One way to solve this problem is to use a recursive CTE to make a list of match numbers for each string (so if there are 2 matches, it generates rows with 1 and 2 in them), these are then joined back to the main table as the occurrence parameter to regexp_substr:
WITH RECURSIVE match_counts(id, match_count) AS (
SELECT DISTINCT id, regexp_count(main_txt, 'abc (\\S+)', 1)
FROM my_data_source
WHERE regexp_count(main_txt, 'abc (\\S+)', 1) > 0
),
match_nums(id, match_num, match_count) AS (
SELECT id, 1, match_count
FROM match_counts
UNION ALL
SELECT id, match_num + 1, match_count
FROM match_nums
WHERE match_num < match_count
)
SELECT m.id, main_txt, regexp_substr(main_txt, 'abc (\\S+)', 1, match_num, 'e') AS output
FROM my_data_source m
JOIN match_nums n ON m.id = n.id
ORDER BY m.id, n.match_num
Unfortunately I don't have access to Redshift to test this, however I have tested it on Oracle (which has similar regexp functions) and it works there:
Oracle demo on dbfiddle.
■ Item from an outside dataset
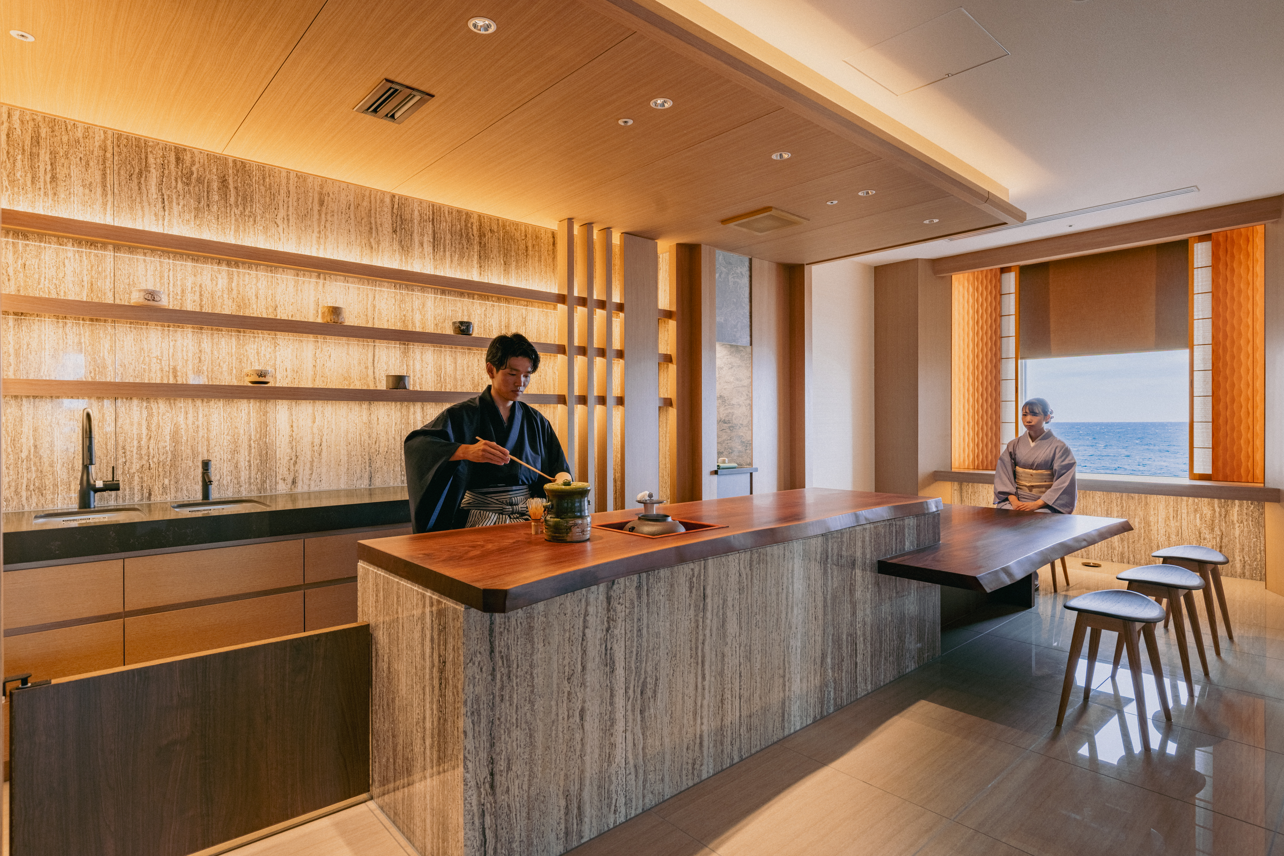 前にはクラフトコーナーを設け、自然素材を使った季節ごとの体験を用意。また、ラウンジサービスとして、季節のスムージーや柚子ドリンク、七福茶、GODIVA のブランド豆を使った特製ブレンドコーヒーなども用意。これらにより、大人も子どもも楽しめる場として、館内の滞在価値を高めます。また、今回の改装にあわせて、食事処の改装や外壁改修も行っています。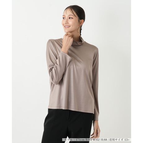上質な素材が生み出す、ほのかな光沢感が美しいタートルネックカットソーです。首元を優しく包み込むデザインは、肌寒くなる季節に暖かさをもたらします。長袖ですので、一枚で洗練されたスタイルを楽しむのはもちろん、ジャケットやカーディガン、ワンピースのインナーとしても幅広く活躍します。柔らかな肌触りで、一日中快適にお過ごしいただけます。着回し力に優れ、オフィスから日常使いまで様々なシーンに馴染みます。ご自宅で手洗いができるウォッシャブル仕様のため、日々のお手入れも簡単で、長くご愛用いただけます。

Note that Oracle doesn't support the e parameter to regexp_substr so returns the entire match instead of the group. (Edit - it has been confirmed to work on Redshift too, thanks #HaleemurAli).
Note if the delimiter abc might legitimately occur at the end of a word, you should add a word break to the beginning of the regex (i.e. \\babc (\\S+)) to prevent it matching (for example) deabc.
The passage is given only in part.